How do people process spectral count data from protein mass spectrometry / proteomics data? The number of zero's in the data (most of which, due to the way the data is produced, you can't reliably define as zero). A standard t-test / anova doesn't seem appropriate as the data isn't normally distributed. The data follows a Chi-squared distribution.

I have spectral count data for each protein in samples from an experiment of a control v. test. There are 3 biological replicates for each. The data has been put through Mascot and Scaffold. I am looking, in an ideal world, for a p-value for each protein - not just across the samples. I am looking to produce some reliability on the proteins being selected for review (something over and above what the TPP / Scaffold are supplying).

I've been pointed to using the g-test and/or the Chi-squared test. It's also been suggested to use the Fisher test. I've tried these in R, without loads of success. I've tried using a spreadsheet in Excel to calculate a g-test value too. I've also used PepC. One of the particular issues I am having is generating the statistics on a protein basis as opposed to the sample basis.

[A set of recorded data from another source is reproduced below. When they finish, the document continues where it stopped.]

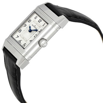 Silver-tone stainless steel case with a black leather strap. Fixed silver-tone bezel with diamond set. Black/silver dial with blue sword-shaped hands and black Arabic numeral hour markers. Minute markers around an inner ring. Dial Type: Analog. Jaeger LeCoultre Calibre JLC 844 Hand Wind movement, containing 18 Jewels, bitting at 21600 vph, and has a power reserve of approximately 38 hours. Scratch resistant sapphire crystal. Solid case back. Rectangle case shape, case size: 33.2 mm x 20.7 mm. Tang clasp. Water resistant at 30 meters / 100 feet. Functions: hour, minute. Reverso Duetto Series. Luxury watch style. Watch label: Swiss Made. Item Variations: Q2668412, 2668412, 266.84.12, Q266.84.12. Jaeger LeCoultre Reverso Duetto Diamond Bezel Ladies Watch Q2668412.
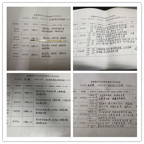 结合实际,在学生返校后,为党员配备了抽检体温的额温枪、医用防护口罩等基本物资。党员第一时间与宿舍对接,每日不定时巡查学生公寓楼道是否有聚集人群,及时劝阻;督查宿舍卫生、通风、消毒情况;《宿舍登记表》上是否签字;是否有聚集游戏、打牌、抽烟、酗酒等不良行为等,督查过程情况记录在《党员督查工作记录表》上,并及时提醒、现场整改。
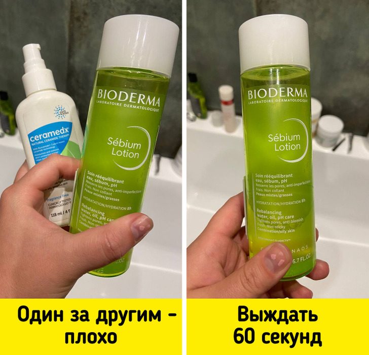 В надежде не опоздать на работу мы то и дело торопимся и наслаиваем продукты друг на друга, не давая им просохнуть. На самом деле это не совсем верная стратегия. Между применением тонера и крема лучше выдержать как минимум 60 секунд.
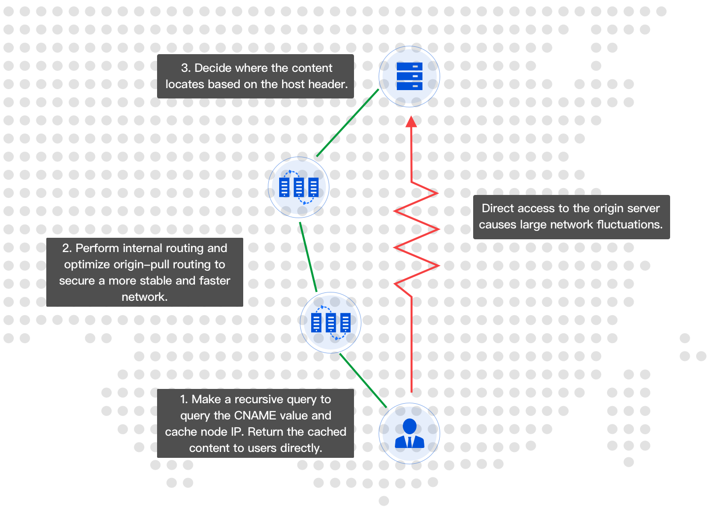 Aceleração dinâmica: O ECDN é adequado para cenários com muitas solicitações de recursos dinâmicos, como batalhas de jogos, transações de comércio eletrônico, transações financeiras e educação online. Ele pode selecionar a ligação ideal para pull de origem usando várias tecnologias, como detecção de rota dinâmica e roteamento inteligente, reduzindo bastante a latência de acesso.

I've also tried to look at some of the microarray processing techniques, but it appears to me that the large number of zero's in proteomic spectral-count data negates these approaches.

Any experience and/or advice would be greatly appreciated. Thanks.

We collaborate with Laurence Florens and use her dNSAF (distributive normalized SAF) method in our papers.

This paper (Zhang et al: Anal. Chem., 2010, 82 (6), pp 2272–2281) has her methodology and reasoning.

Two more methods of spectral count based quantification that I know about:

The normalized spectral index method:

http://www.nature.com/nbt/journal/v28/n1/full/nbt.1592.html

and the 'Spectral Index' based method:"Spectral Index for Assessment of Differential Protein Expression in Shotgun Proteomics"

http://pubs.acs.org/doi/abs/10.1021/pr070271+

Check the Supplementary Data for both the papers for codes etc.

Based on my experience, the peptide with less than 2 hits should be discarded. We then used NSAF-PLGEM and Qspec to find the Differentially expressed gene using the cleaned data. NSAF-PLGEM seems to find more.

Agree with above answers, these are very good suggestions for improvements on basic spectral counting. Regarding your question about using the Fisher test at the protein level on spectral counts, here is an example in R of applying the test to estimate differential expression in a Treated vs. Control sample pair. In a simple case where you have 810 confident peptide spectrum matches in the Treated sample (110 mapping exclusively to protein A, and 700 mapping to other proteins); and 1050 peptide spectrum matches in the Control sample (50 mapping only to A, and 1000 mapping to other proteins) then:

> spectral.counts
              Treated Control
Protein A         110      50
Not Protein A     700    1000
> ft <- fisher.test(spectral.counts)
> ft

        Fisher's Exact Test for Count Data

data:  spectral.counts 
p-value = 2.03e-11
alternative hypothesis: true odds ratio is not equal to 1 
95 percent confidence interval:
 2.195404 4.544884 
sample estimates:
odds ratio 
  3.140917

If you are looking to compare the relative abundance of proteins within a sample, in most bottom-up spectral-count MS datasets, that is not possible to do accurately, due to intrinsic differences in detectability among proteins.